Trash

August 7, 2023 By: Richard Donnelly

“River bank classic”  Image by Mike Doughty

I am a fly angler, and like a lot of sportspeople (and what are we if not sporting) I will find, pick up, and throw away the occasional plastic bottle. Or aluminum can. Or rusting Honda 125 motorcycle gas tank. How some of this gets in the river I do not know.

I do this for myself as much as others. Fly fishing is done in beautiful places, and it represents that rare opportunity to escape the highways and retail strip centers and contemplate nature’s subtle moods. A discarded 44 oz. Big Gulp plastic soda cup (with straw) doesn’t help.

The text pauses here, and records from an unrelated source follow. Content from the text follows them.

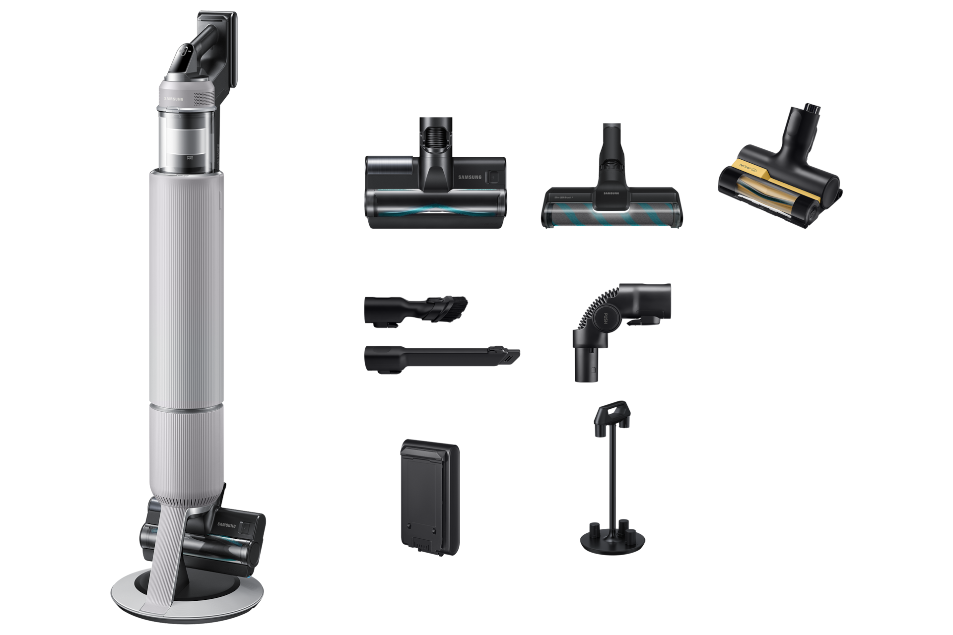 * Verglichen mit dem Samsung VS9700. Handgeführtes Gewicht: Bespoke AI Jet Lite = 1,45 kg vs. VS9700 = 1,89 kg. Bespoke AI Jet Lite mit Slim LED-Bürste+ = 2,49 kg und Bespoke AI Jet Lite mit Jet Dual-Bürste+ = 2,7 kg vs. VS9700 = 3,17 kg mit Bürste für Bodenreinigung.
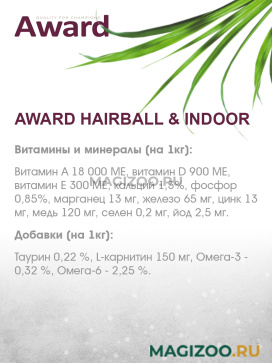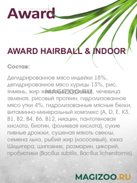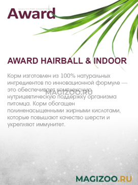Сухой корм AWARD Hairball & Indoor для взрослых кошек для выведения шерсти с уткой и индейкой с добавлением зеленой чечевицы и Юкки Шидигера.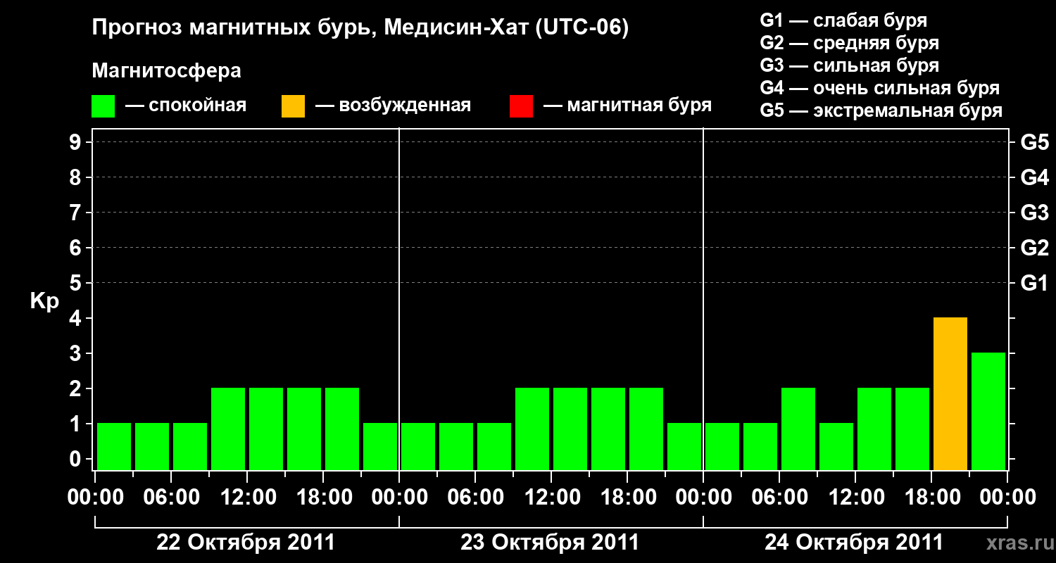 Прогноз магнитных бурь в Медисин-Хате — 22 октября 2011 года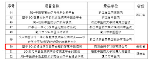 8月17日,中華人民共和國工業(yè)和信息化部官方網站發(fā)布了“5G+醫(yī)療健康應用試點項目名單”,由蕪湖圣美孚科技有限公司牽頭,聯(lián)合蕪湖市中醫(yī)醫(yī)院、蕪湖市高科電子有限公司、安徽中醫(yī)藥高等專科學校、中國電信股份有限公司蕪湖分公司、天津理工大學五家單位共同申報的《基于5G的慢性病防醫(yī)養(yǎng)全程的智慧中醫(yī)應用》項目成功入選此次應用試點項目名單,也是安徽省入選“5G+中醫(yī)診療”方向名單的項目。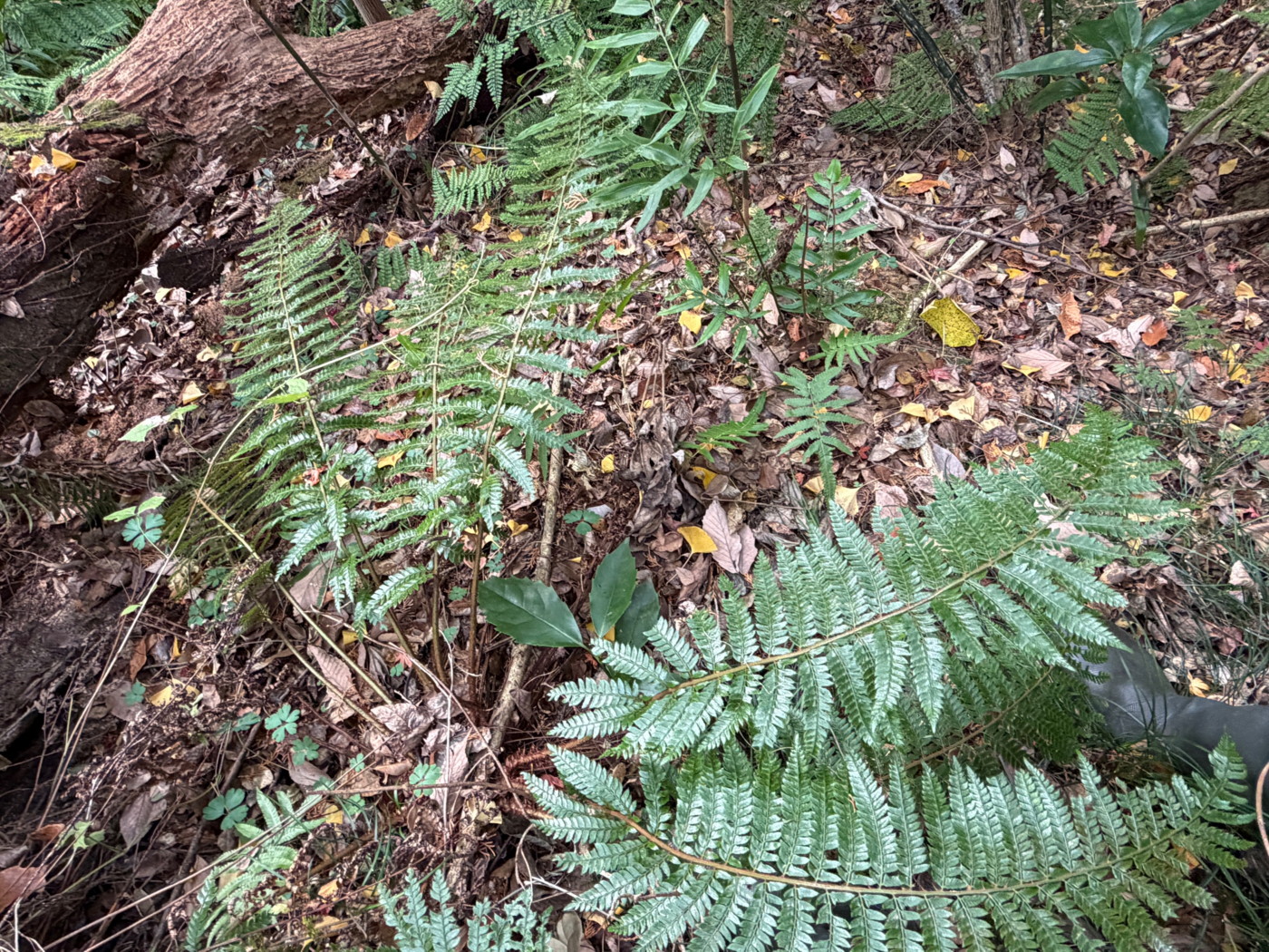 シカの食害が少ないためか、多様なシダが繁茂しシカ食害が激しいところに比べナチシダは少なかった。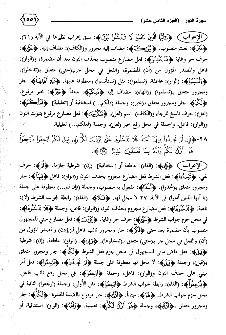 الإعراب {يا أَيُّهَا الَّذِينَ آمَنُوا لا تَدْخُلُوا بُيُوتاً}: سبق إعراب نظيرها في الآية (٢١).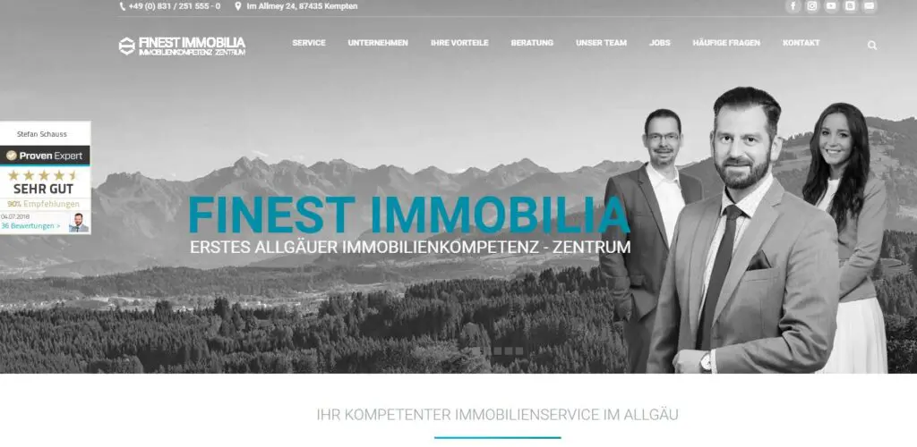 Finest Immobilia ist eine Immobilien-Service-Agentur aus Kempten. Ich arbeite nun schon seit 2016 mit dem Geschäftsführer Stefan Schauß an verschiedenen Onlineprojekten in der Immobilien-Branche. Als Immobilien Kompetenzzentrum bietet Finest Immobilia nicht nur klassische Immobilienmakler Dienstleistungen an, sondern auch: Bewertung, Beratung und Vermittlung für den Verkauf Häusern, Grundstücken und Wohnungen. Neben einer regelmäßigen Zeitungskolumne im Immobilienteil einer Wochenzeitung betreibt Herr Schauß auch Ratgeber-Portale und Webinare für den Verkauf von Immobilien.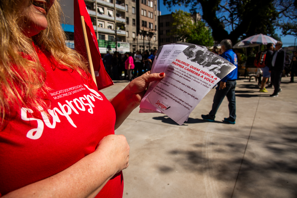 A manhã desta segunda-feira (29) foi de salas de aula vazias e mobilização em Santa Maria. Em protesto contra a proposta de reforma da Previdência apresentada pela prefeitura, professores da rede municipal paralisaram as atividades em mais de 50 escolas, segundo o Sindicato dos Professores Municipais de Santa Maria (Sinprosm). A cidade conta com 86 escolas e cerca de 22 mil alunos matriculados na rede de ensino.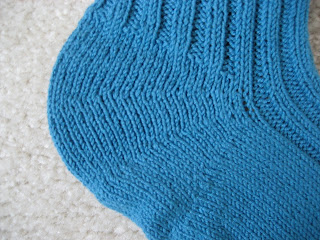 Another class sample. These are from Cat Bordhi's Sweet Tomato Heel book. I decided to make fraternal twin socks-same yarn, different pattern. The sock on the left is Simply Splendid Socks and on the right is Hidden Pocket. I used the e-book and made both from top down and found there was a lot of going back and forth between pages. I had a problem with the beginning of the Simple Splendid Sock as I think there is a mistake in the pattern, but never got a response from Cat Bordhi about it. Will I make this heel again? Probably not. One side looks good-the one on the picture, but the other side has holes at the turn. I did them over trying to follow suggestions on the Ravelry Forum, and the hole size decreased, but I still am not happy with them. The yarn is CoBaSi which has a little elastic in it.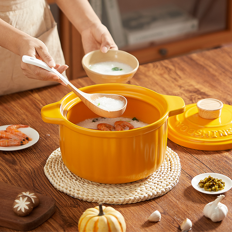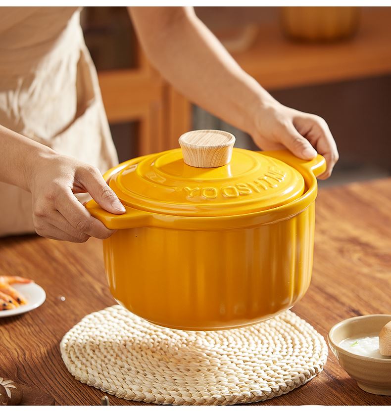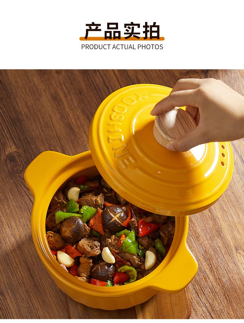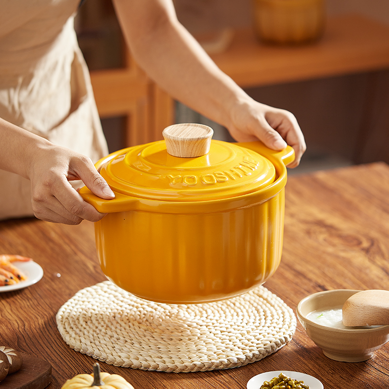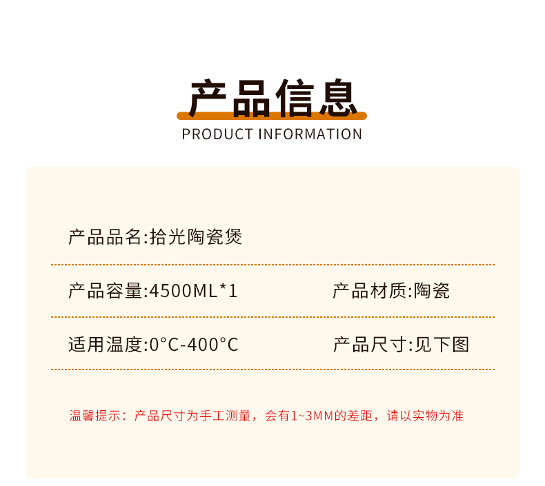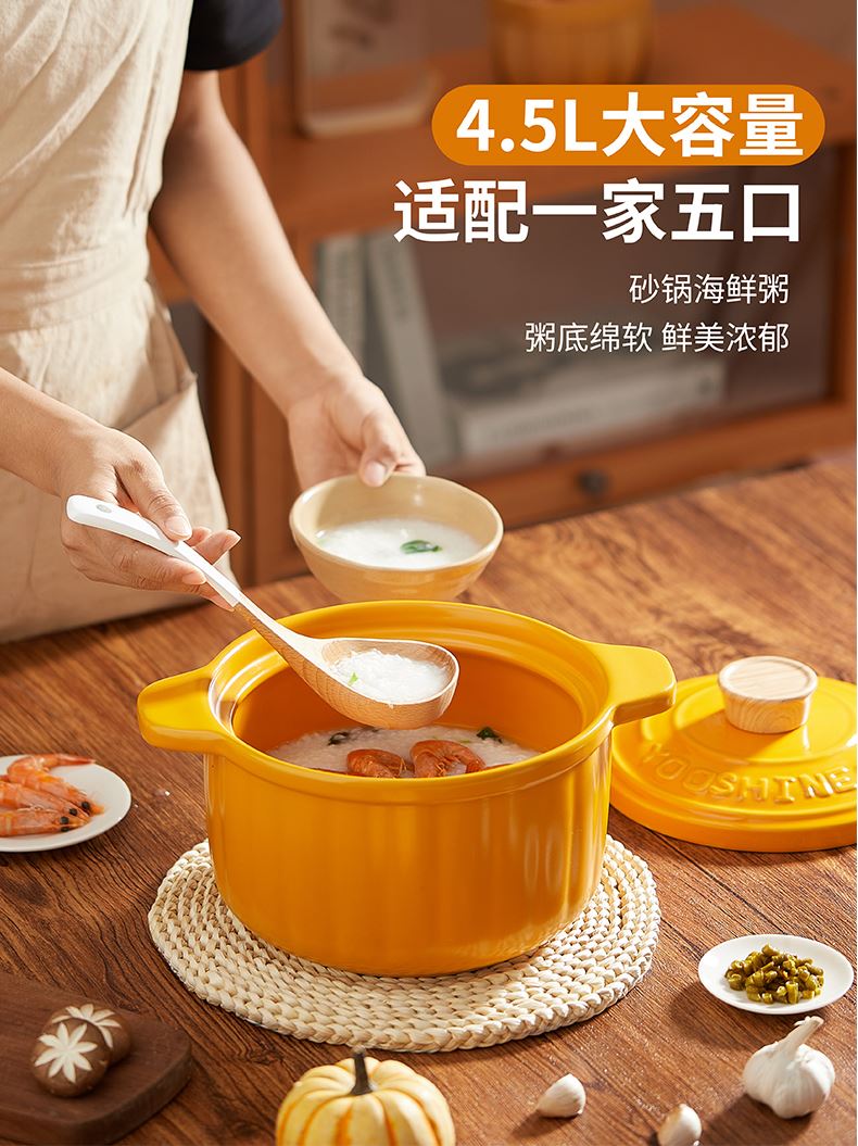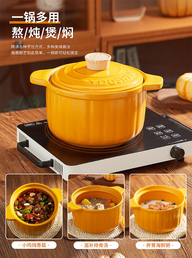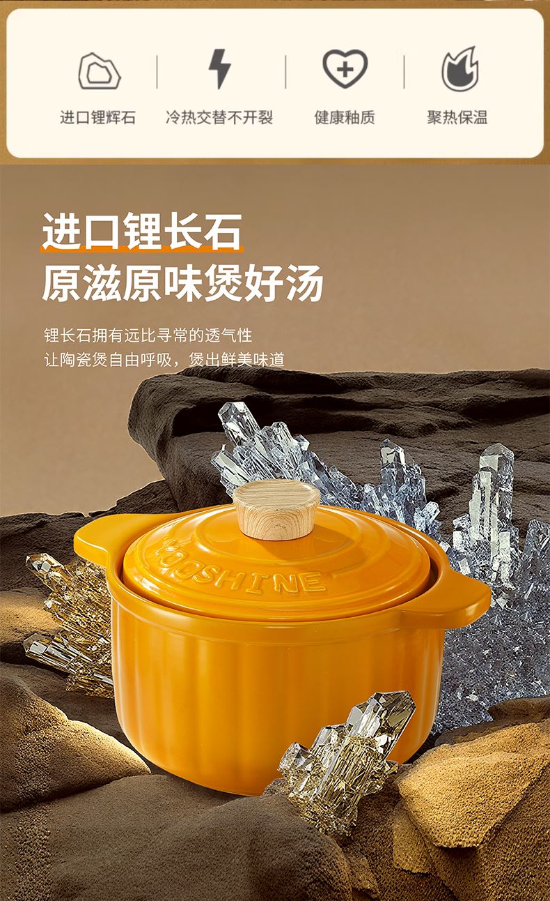 材 质:陶瓷 产品参数:陶瓷煲4500ml 彩盒尺寸:269*235*345mm 外箱尺寸:72.3*55.4*36.1cm 产品卖点:1. 真火淬炼,坚固耐用:进口南非进口透锂长石,1300℃真火淬炼,冷热骤变400℃不裂! 2. 安心釉彩,健康相伴:食品级健康色釉,久用如新,安心入食。 3. 端拿稳当,轻松不烫:加宽防烫双耳,端拿稳稳当当。 4. 聚热锁温,美味更浓:加厚南瓜肚,聚热锁温,慢煨更香浓。

As I drive along gravel roads I see an awful lot of beer cans. I’m not sure why someone needs to throw a beer can out their car window, particularly in trout country. Of course, someone who needs to drink while driving through the flower-filled valleys of Wisconsin is perhaps seeing things a little different than you and I.

To be fair, a lot of the junk is no one’s fault. Often it is the result of booming thunderstorms that dump six inches of rain in three hours. Creeks overflow. Small streams become raging torrents, flooding farmland and yards. Anything that can float (and a lot of things that can’t) get carried off. I have picked up badminton rackets and plastic bowling pins, bicycle tires and hot water bottles. I’m sorry, Suzie. But you probably won’t be seeing your Hello Kitty School Bus anytime soon.

It’s funny how you never find anything of real use. The football has a hole in it, the canoe paddle broken in two. While fishing I’ve never picked up a box of flies. I have managed to drop a couple. You would think the law of averages would eventually even up, but no.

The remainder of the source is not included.